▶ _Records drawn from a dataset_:
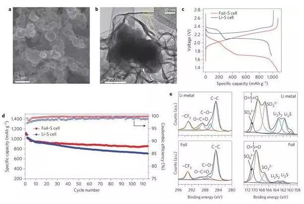 c)LixSi/石墨烯- 硫電池與鋰-硫電池的電學(xué)性能對比;
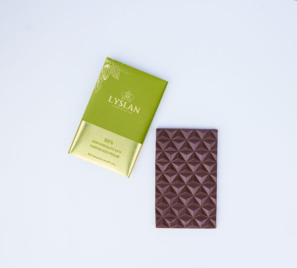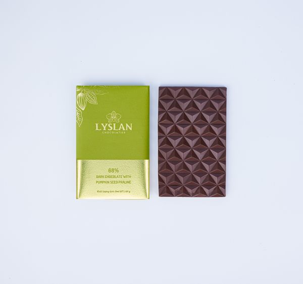 Sô-cô-la đen đậm đà của Lyslan kết hợp hạt bí giòn từ đồng bằng sông Cửu Long, tạo nên hương vị mạnh mẽ, khó cưỡng.
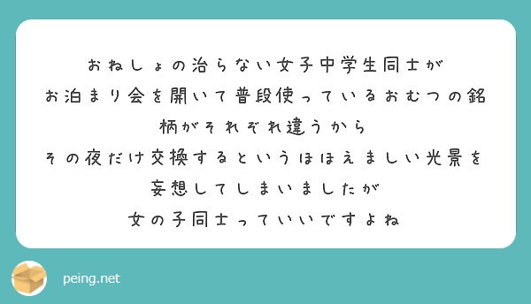 おねしょの治らない女子中学生同士が お泊まり会を開いて普段使っているおむつの銘柄がそれぞれ違うからPeing -質問箱。
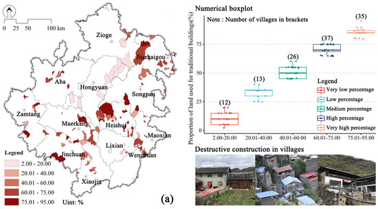 - Decline in Traditional Building Utilization and Landscape Degradation: By the end of 2019, 54 traditional villages had less than 50% of their land occupied by traditional buildings (Figure 5). Among them, 17 villages in Hongyuan, the central part of Li County, and the northern part of Zoige (Ruo’ergai) had less than 20% of land occupied by traditional buildings. In 25 villages in the northern part of Zoige, Hongyuan County, and the western part of Heishui County, the utilization rate of traditional buildings had dropped below 50%. Over 90% of traditional villages faced challenges of modernized decoration, unregulated renovations, and damage to traditional buildings. Additionally, 51 traditional villages had poorly preserved and utilized special spaces, such as blockhouses and religious facilities.
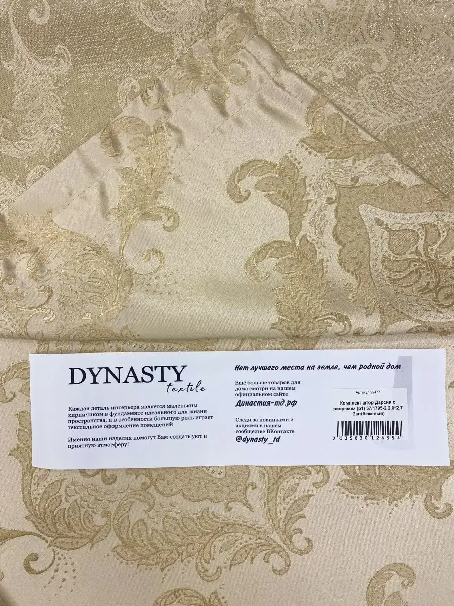 Комплект штор Дарсия состоит из двух полотен (ширина каждого 150 см, высота – 250 см), изготовленных из ткани с шелковистой поверхностью. Эта ткань приятная на ощупь, имеет отличную сопротивляемость различным повреждениям: ее практически невозможно порвать или растянуть, оставить затяжки. Хорошо сохраняет форму, не садится даже после многократных стирок и сохраняет первоначальный цвет долгие годы.

▶ _ASSIGNED TASK_: Would you set down only the lines above from the line with "おねしょの治らない女子中学生同士が お泊まり会を開いて普段使っているおむつの銘柄がそれぞれ違うからPeing -質問箱。" to the line with "- Decline in", both included, exactly as they stand and without the pictures?

▶ _TASK RESPONSE_:
 おねしょの治らない女子中学生同士が お泊まり会を開いて普段使っているおむつの銘柄がそれぞれ違うからPeing -質問箱。
 - Decline in Traditional Building Utilization and Landscape Degradation: By the end of 2019, 54 traditional villages had less than 50% of their land occupied by traditional buildings (Figure 5). Among them, 17 villages in Hongyuan, the central part of Li County, and the northern part of Zoige (Ruo’ergai) had less than 20% of land occupied by traditional buildings. In 25 villages in the northern part of Zoige, Hongyuan County, and the western part of Heishui County, the utilization rate of traditional buildings had dropped below 50%. Over 90% of traditional villages faced challenges of modernized decoration, unregulated renovations, and damage to traditional buildings. Additionally, 51 traditional villages had poorly preserved and utilized special spaces, such as blockhouses and religious facilities.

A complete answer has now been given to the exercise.